Many people experience concerns when returning from an extended period of leave and I was no exception. Due to a major restructure in my department, I returned to a more senior role, which in itself brought additional challenges. I also felt the common experience of ‘imposter syndrome’ when trying to re-establish my clinical skills and learn new processes that had been introduced during my absence.

The Career Development course provided in the initial months of the fellowship gave me an exciting opportunity to evaluate my current role and responsibilities, as well as considering different leadership, communication and presentation styles. This course made me question my leadership style and show me ways I could develop, whilst staying authentic to the person I am. The course also provided some great techniques for shifting that feeling of ‘imposter syndrome’ and acknowledging the skills that I had.

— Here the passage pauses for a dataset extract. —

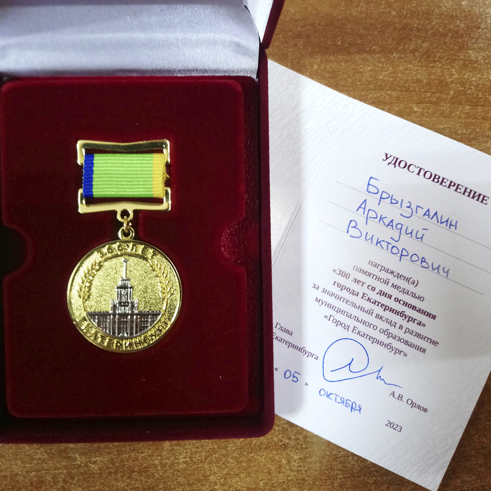 В конце декабря к ценным наградам руководителя ГК «Налоги и финансовое право» Брызгалина Аркадия Викторовича добавилась еще одна: памятная медаль «300 лет со дня основания города Екатеринбурга». Это особый знак за значительный вклад в развитие муниципального образования «Город Екатеринбург».
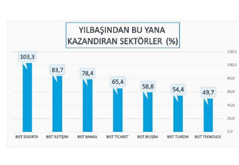BIST endekslerinin performanslarına göre en dikkat çekici yükseliş sigorta sektöründe gerçekleşti. BIST Sigorta Endeksi yüzde 103 artışla yılbaşından bu yana en yüksek çıkışı sergiledi. BIST İletişim Endeksi yüzde 84 artış kaydederken, BIST Banka Endeksi yüzde 78 artış gösterdi. Yılbaşından bu yana BIST Ticaret yüzde 65, BIST Bilişim yüzde 59, BIST Turizm yüzde 54 ve BIST Teknoloji yüzde 50 getiri sağladı. Bu veriler, sigorta, iletişim ve banka sektörlerinin son altı aylık getirilerde öne çıktığını gösteriyor.

The feedback from the 360 Leadership model also set a benchmark for assessing my current leadership style, as well as providing a great opportunity for self-evaluation and reflection. The feedback I received was very useful in terms of understanding how I am perceived by peers, team members and managers, and provided clarity in the areas I particularly need to develop.

An additional benefit of this Fellowship has been meeting, spending time with and getting to know the other Fellows. They have been a constant source of support and advice throughout the last few months. They are an inspiring group of women who face similar work and life challenges with strength and resilience.

Many individuals working in the NHS, both women and men, have additional caring responsibilities outside of work. Instead of these responsibilities being considered a hindrance to their career, they should be embraced as they provide valuable skills transferable for those working in a caring profession. These skills may not be listed in a traditional job description, but they are still vital to the success of many healthcare teams.

Working for the NHS brings a whole range of challenges including constant changes to standards and a drive for improvement, with the constraints of limited funding. I have always found this to be an incredibly inspiring environment to work within, however it requires strong leadership in order to engage everyone. The WISE CSO Fellowship has given me the opportunity to develop and move closer to the type of leader that I ultimately want to be.